* _GOAL OF THE EXERCISE_:
The result should be the full listing copied exactly, with no pictures in it.

* _INPUT DATA_:
>>

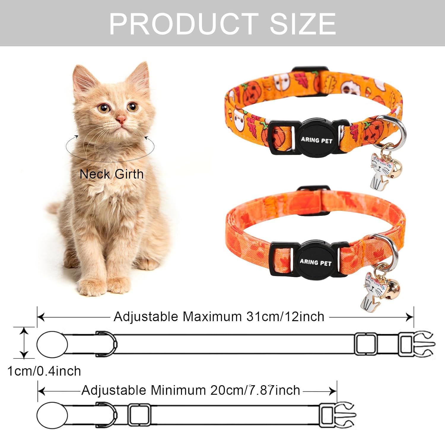 - SAFETY:❤Our fall&halloween cat collar with bells adds extra protection, alerting you to your cat's whereabouts.❤Breakaway buckles design, simply give it a tug, and it swiftly releases, provides more safety for our pets.
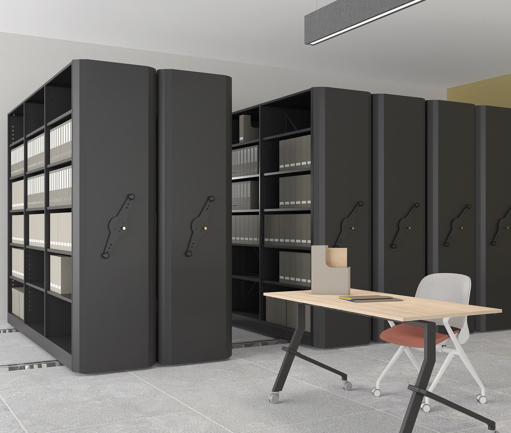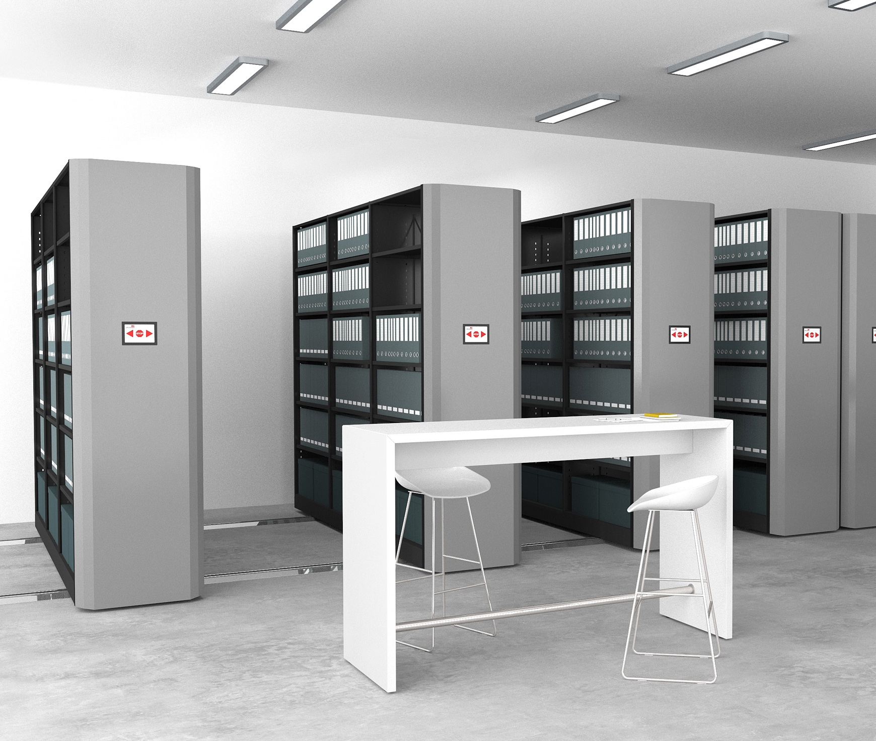 FUNCTIONALITY - The archive units are equipped with central locking as well as with an independent locking system for maximum safety when accessing the corridors
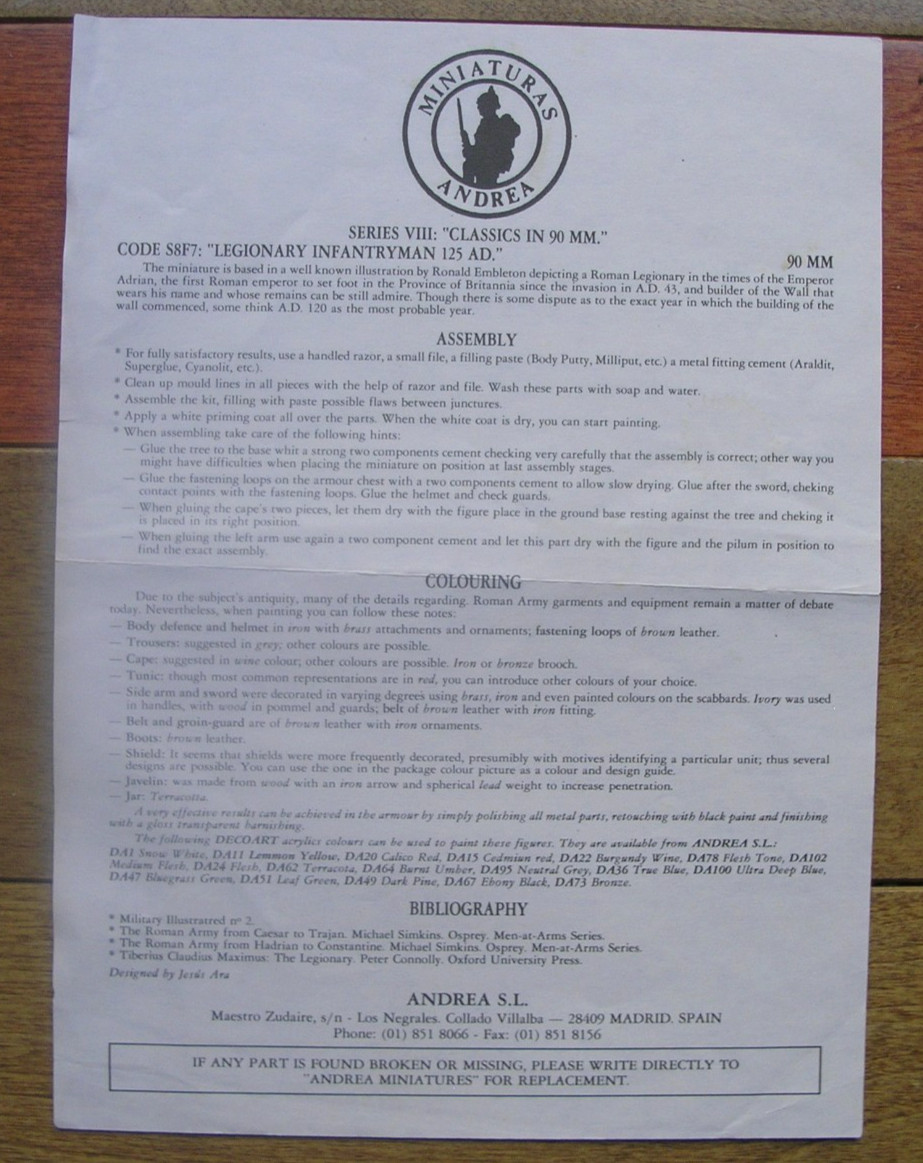Andrea Miniatures S8-F7 Roman Legionary 90mm metal kit New Old Stock
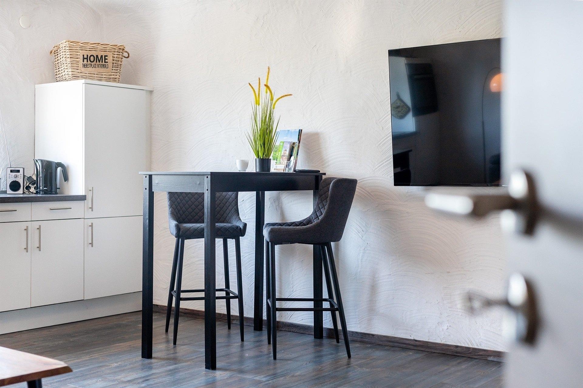 Die Ferienwohnung mit ihrem extravaganten Schnitt und dem imposanten Rundbogenfenster bietet einen Ausblick auf den idyllischen Badesee Tannenhausen. Ein Ort, der durch seine Faszination für Entspannung und Erholung bekannt ist.Das kompakte Schlafzimmer mit Dachschräge dieser behaglichen Wohnung ist mit einem gemütlichen Boxspringbett ausgestattet, das geradezu zum Verweilen einlädt. Ein geräumiger, vom Wohnzimmer aus zugänglicher, begehbarer Kleiderschrank und stilvolle Nachttische mit sanften Nachtlampen vervollständigen das behagliche Ambiente.Der offene Wohnzimmer- und Küchenbereich ist einladend gestaltet und bietet eine voll ausgestattete Küche mit modernsten Geräten wie Cerankochfeld, Backofen, Kühlschrank, Gefrierfach und Geschirrspüler. Eine klassische Kaffeemaschine sowie eine Kaffeepadmaschine (Senseo) stehen für die Zubereitung von Kaffeespezialitäten bereit. Ein Bartisch mit zwei bequemen Hockern verleiht dem Raum eine besondere Atmosphäre.Das Herzstück des Wohnzimmers ist zweifellos das großzügige, gemütliche Sofa, das zum Entspannen und Verweilen einlädt. Ein hochauflösender 65 Zoll Smart-TV und eine zeitgemäße Einrichtung runden das Wohlfühlambiente ab und garantieren einen erholsamen Aufenthalt.Im Badezimmer erwartet die Gäste ein komfortabler und geräumiger Bereich, der keine Wünsche offen lässt. Eine großzügige Dusche sowie eine entspannende Badewanne sorgen für ein rundum angenehmes Wohlbefinden.Die Wohnung befindet sich im zweiten Obergeschoss und ist bequem und barrierearm mit einem Aufzug erreichbar. Hunde sind in dieser Wohnung herzlich willkommen, und es besteht die Möglichkeit, bis zu zwei Hunde unterzubringen oder individuelle Anfragen zu stellen.Für zusätzlichen Komfort stehen eine Waschmaschine und ein Trockner gegen Gebühr im zweiten Stockwerk zur Verfügung. Ein abschließbarer Abstellraum für Fahrräder und E-Bikes mit Ladestationen ist ebenfalls vorhanden, um den Aufenthalt der Gäste noch angenehmer zu gestalten.Die Zufriedenheit und das Wohlbefinden unserer Gäste, insbesondere Familien, liegen uns sehr am Herzen. Auf Wunsch stellen wir gerne kostenfreie Babybetten mit passender Bettwäsche, Wickelkommoden, Babybadewannen, Rausfallschutz und Tritthocker zur Verfügung, um den Aufenthalt für Eltern und ihre Kleinen so angenehm wie möglich zu gestalten.Darüber hinaus bieten wir in unserem Abstellraum kostenfrei Bollerwagen zur Ausleihe an, damit Familien bequem ihre Ausflüge in die Umgebung oder zum nahegelegenen Strand unternehmen können. Unsere Gäste sollen sich bei uns wie zu Hause fühlen und einen unbeschwerten Urlaub genießen können, ganz gleich, ob sie als Familie oder in anderer Konstellation anreisen.

<<

* _RESPONSE TO THE EXERCISE_:
 - SAFETY:❤Our fall&halloween cat collar with bells adds extra protection, alerting you to your cat's whereabouts.❤Breakaway buckles design, simply give it a tug, and it swiftly releases, provides more safety for our pets.
 FUNCTIONALITY - The archive units are equipped with central locking as well as with an independent locking system for maximum safety when accessing the corridors
Andrea Miniatures S8-F7 Roman Legionary 90mm metal kit New Old Stock
 Die Ferienwohnung mit ihrem extravaganten Schnitt und dem imposanten Rundbogenfenster bietet einen Ausblick auf den idyllischen Badesee Tannenhausen. Ein Ort, der durch seine Faszination für Entspannung und Erholung bekannt ist.Das kompakte Schlafzimmer mit Dachschräge dieser behaglichen Wohnung ist mit einem gemütlichen Boxspringbett ausgestattet, das geradezu zum Verweilen einlädt. Ein geräumiger, vom Wohnzimmer aus zugänglicher, begehbarer Kleiderschrank und stilvolle Nachttische mit sanften Nachtlampen vervollständigen das behagliche Ambiente.Der offene Wohnzimmer- und Küchenbereich ist einladend gestaltet und bietet eine voll ausgestattete Küche mit modernsten Geräten wie Cerankochfeld, Backofen, Kühlschrank, Gefrierfach und Geschirrspüler. Eine klassische Kaffeemaschine sowie eine Kaffeepadmaschine (Senseo) stehen für die Zubereitung von Kaffeespezialitäten bereit. Ein Bartisch mit zwei bequemen Hockern verleiht dem Raum eine besondere Atmosphäre.Das Herzstück des Wohnzimmers ist zweifellos das großzügige, gemütliche Sofa, das zum Entspannen und Verweilen einlädt. Ein hochauflösender 65 Zoll Smart-TV und eine zeitgemäße Einrichtung runden das Wohlfühlambiente ab und garantieren einen erholsamen Aufenthalt.Im Badezimmer erwartet die Gäste ein komfortabler und geräumiger Bereich, der keine Wünsche offen lässt. Eine großzügige Dusche sowie eine entspannende Badewanne sorgen für ein rundum angenehmes Wohlbefinden.Die Wohnung befindet sich im zweiten Obergeschoss und ist bequem und barrierearm mit einem Aufzug erreichbar. Hunde sind in dieser Wohnung herzlich willkommen, und es besteht die Möglichkeit, bis zu zwei Hunde unterzubringen oder individuelle Anfragen zu stellen.Für zusätzlichen Komfort stehen eine Waschmaschine und ein Trockner gegen Gebühr im zweiten Stockwerk zur Verfügung. Ein abschließbarer Abstellraum für Fahrräder und E-Bikes mit Ladestationen ist ebenfalls vorhanden, um den Aufenthalt der Gäste noch angenehmer zu gestalten.Die Zufriedenheit und das Wohlbefinden unserer Gäste, insbesondere Familien, liegen uns sehr am Herzen. Auf Wunsch stellen wir gerne kostenfreie Babybetten mit passender Bettwäsche, Wickelkommoden, Babybadewannen, Rausfallschutz und Tritthocker zur Verfügung, um den Aufenthalt für Eltern und ihre Kleinen so angenehm wie möglich zu gestalten.Darüber hinaus bieten wir in unserem Abstellraum kostenfrei Bollerwagen zur Ausleihe an, damit Familien bequem ihre Ausflüge in die Umgebung oder zum nahegelegenen Strand unternehmen können. Unsere Gäste sollen sich bei uns wie zu Hause fühlen und einen unbeschwerten Urlaub genießen können, ganz gleich, ob sie als Familie oder in anderer Konstellation anreisen.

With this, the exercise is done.